OBJECTIVE: To evaluate the effect of iron supplementation on mental and motor development in children through a systematic review of randomised controlled trials (RCTs). DATA SOURCES: Electronic databases, personal files, hand search of reviews, bibliographies of books, abstracts and proceedings of international conferences. REVIEW METHODS: RCTs with interventions that included oral or parenteral iron supplementation, fortified formula milk or cereals were evaluated. The outcomes studied were mental and motor development scores and various individual development tests employed, including Bayley mental and psychomotor development indices and intelligence quotient. RESULTS: The pooled estimate (random effects model) of mental development score standardised mean difference (SMD) was 0.30 (95% confidence interval (CI) 0.15 to 0.46, P<0.001; P<0.001 for heterogeneity). Initial anaemia and iron-deficiency anaemia were significant explanatory variables for heterogeneity. The pooled estimate of Bayley Mental Development Index (weighted mean difference) in younger children (<27 months old) was 0.95 (95% CI -0.56 to 2.46, P=0.22; P=0.016 for heterogeneity). For intelligence quotient scores (> or =8 years age), the pooled SMD was 0.41 (95% CI 0.20 to 0.62, P<0.001; P=0.07 for heterogeneity). There was no effect of iron supplementation on motor development score (SMD 0.09, 95% CI -0.08 to 0.26, P=0.28; P=0.028 for heterogeneity). CONCLUSIONS: Iron supplementation improves mental development score modestly. This effect is particularly apparent for intelligence tests above 7 years of age and in initially anaemic or iron-deficient anaemic subjects. There is no convincing evidence that iron treatment has an effect on mental development in children below 27 months of age or on motor development.

Effect of iron supplementation on incidence of infectious illness in children: systematic review.

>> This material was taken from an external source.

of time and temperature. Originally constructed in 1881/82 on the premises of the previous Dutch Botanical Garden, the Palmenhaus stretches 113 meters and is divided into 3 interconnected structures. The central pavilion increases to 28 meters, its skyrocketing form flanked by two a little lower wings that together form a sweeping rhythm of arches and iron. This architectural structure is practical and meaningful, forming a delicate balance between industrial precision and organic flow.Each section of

OBJECTIVE: To evaluate the effect of iron supplementation on the incidence of infections in children. DESIGN: Systematic review of randomised controlled trials. DATA SOURCES: 28 randomised controlled trials (six unpublished and 22 published) on 7892 children. INTERVENTIONS: Oral or parenteral iron supplementation or fortified formula milk or cereals. OUTCOMES: Incidence of all recorded infectious illnesses, and individual illnesses, including respiratory tract infection, diarrhoea, malaria, other infections, and prevalence of positive smear results for malaria. RESULTS: The pooled estimate (random effects model) of the incidence rate ratio (iron v placebo) was 1.02 (95% confidence interval 0.96 to 1.08, P=0.54; P<0.0001 for heterogeneity). The incidence rate difference (iron minus placebo) for all recorded illnesses was 0.06 episodes/child year (-0.06 to 0.18, P=0.34; P<0.0001 for heterogeneity). However, there was an increase in the risk of developing diarrhoea (incidence rate ratio 1.11, 1.01 to 1.23, P=0.04), but this would not have an overall important on public health (incidence rate difference 0.05 episodes/child year, -0.03 to 0.13; P=0.21). The occurrence of other illnesses and positive results on malaria smears (adjusted for positive smears at baseline) were not significantly affected by iron administration. On meta-regression, the statistical heterogeneity could not be explained by the variables studied. CONCLUSION: Iron supplementation has no apparent harmful effect on the overall incidence of infectious illnesses in children, though it slightly increases the risk of developing diarrhoea.